Je défais les six points de fixation de mon casque, commence à retirer les sangles qui me retiennent à mon siège baquet. Ensuite, une fois descendu de ma voiture, il ne me restera plus qu’à retirer ma combinaison fluo ignifugée et ma cagoule anti-feu et je pourrais être libre de mes mouvements.

Au début, tous ces systèmes de protection nous pesaient bien un peu, mais nous nous y sommes tous bien habitués, surtout les enfants qui aiment bien jouer avec les plaques réfléchissantes de leurs manches. Le gouvernement nous a bien expliqué que c’était pour notre sécurité et celle de nos familles, pour notre bien. Que les cinquante personnes qui ont été blessées cette année sur la route doivent être pour nous source de réflexion. Certes il n’y a plus eu de morts depuis dix mois mais cela ne doit pas pour autant faire fléchir notre vigilance.

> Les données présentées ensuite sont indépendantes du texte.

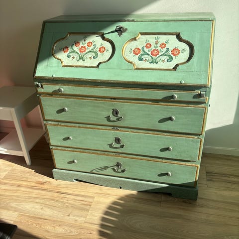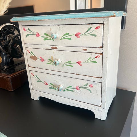 Denne lille kommode er perfekt for å lagre små gjenstander eller legge til en dekorativ aksent i ethvert rom. Ikke gå glipp av denne unike brikken med antikk sjarm!

De nouveaux moyens de protection sont à l’étude pour bientôt, notamment la couverture des routes. Ce qui empêcherait la pluie de mouiller le sol et les moustiques de salir les parebrises. Trop d’automobilistes ont eu l’an dernier à combattre ces insectes qui viennent s’écraser sur les vitres.

Au moment où je m’apprête à retirer mes chaussures de conduite (réglementaires et officielles évidemment, il n’est pas question de conduire avec n’importe quelles chaussure, ce serait trop dangereux), un hurlement se fait entendre dans le parking aménagé. C’est la panique, cela se voit immédiatement dans le comportement de la vingtaine d’hommes en armes qui travaillent ici pour notre bien.

Le policier qui m’a arrêté m’attrape par le bras.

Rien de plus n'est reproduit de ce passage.